Pushing the Limits of EEG: Estimation of Large-Scale Functional Brain Networks and Their Dynamics Validated by Simultaneous fMRI

Functional magnetic resonance imaging (fMRI) is the technique of choice for detecting large-scale functional brain networks and to investigate their dynamics. Because fMRI measures brain activity indirectly, electroencephalography (EEG) has been recently considered a feasible tool for detecting such networks, particularly the resting-state networks (RSNs). However, a truly unbiased validation of such claims is still missing, which can only be accomplished by using simultaneously acquired EEG and fMRI data, due to the spontaneous nature of the activity underlying the RSNs. Additionally, EEG is still poorly explored for the purpose of mapping task-specific networks, and no studies so far have been focused on investigating networks’ dynamic functional connectivity (dFC) with EEG. Here, we started by validating RSNs derived from the continuous reconstruction of EEG sources by directly comparing them with those derived from simultaneous fMRI data of 10 healthy participants, and obtaining an average overlap (quantified by the Dice coefficient) of 0.4. We also showed the ability of EEG to map the facial expressions processing network (FEPN), highlighting regions near the posterior superior temporal sulcus, where the FEPN is anchored.
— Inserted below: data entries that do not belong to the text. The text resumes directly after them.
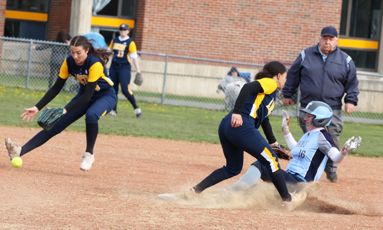 - Grace Romine (Triton) steals second as the throw gets away from the Malden Catholic infielders.
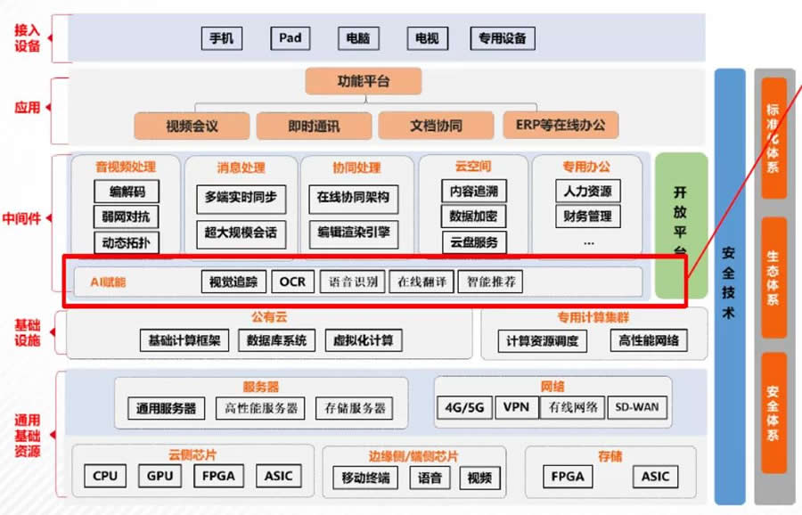 AI賦能協(xié)同辦公系統(tǒng),如圖22所示,提升辦公軟件性能。AI技術(shù)主要是讓在線辦公系統(tǒng)更加智能,提供更出色的用戶體驗。網(wǎng)絡(luò)質(zhì)量預(yù)測。用于動態(tài)調(diào)整網(wǎng)絡(luò)拓撲、編碼方式等,保證通信質(zhì)量。人臉識別技術(shù)驗證身份,提升會議系統(tǒng)的安全性。對視頻質(zhì)量進行動態(tài)改善,提升交流體驗。利用語音識別和翻譯技術(shù),實現(xiàn)會議字幕生成和翻譯。AI在協(xié)同辦公軟件中可發(fā)揮的作用有待進一步挖掘。
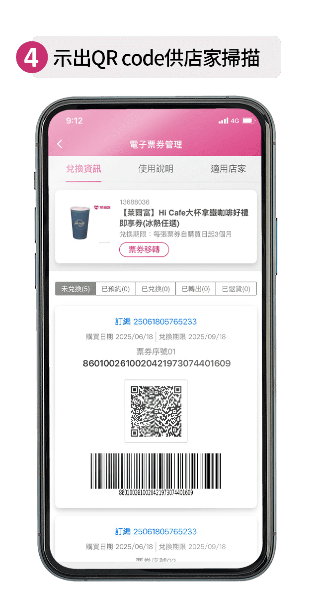 - 本商品採電子票券的方式兌換,可使用列印或於手機出示電子票券提供店家進行核銷。
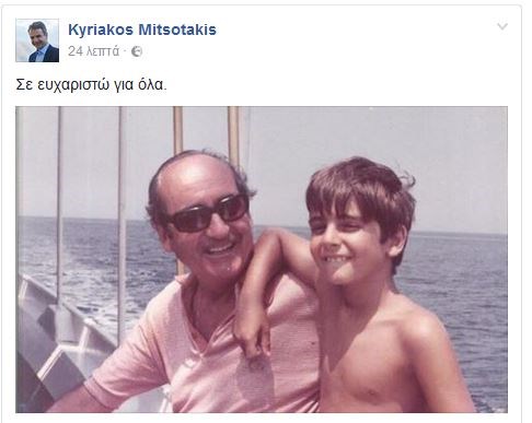 Ο πρόεδρος της Νέας Δημοκρατίας, Κυριάκος Μητσοτάκης, ανέβασε στον λογαριασμό του στο Facebook μια παιδική του φωτογραφία με τον πατέρα του Κωνσταντίνο Μητσοτάκη με την λεζάντα: “Σε ευχαριστώ για όλα”.

Then, we measured the dFC using EEG for the first time in this context, estimated dFC brain states using dictionary learning, and compared such states with those obtained from the fMRI. We found a statistically significant match between fMRI and EEG dFC states, and determined the existence of two matched dFC states which contribution over time was associated with the brain activity at the FEPN, showing that the dynamics of FEPN can be captured by both fMRI and EEG. Our results push the limits of EEG toward being used as a brain imaging tool, while supporting the growing literature on EEG correlates of (dynamic) functional connectivity measured with fMRI, and providing novel insights into the coupling mechanisms underlying the two imaging techniques.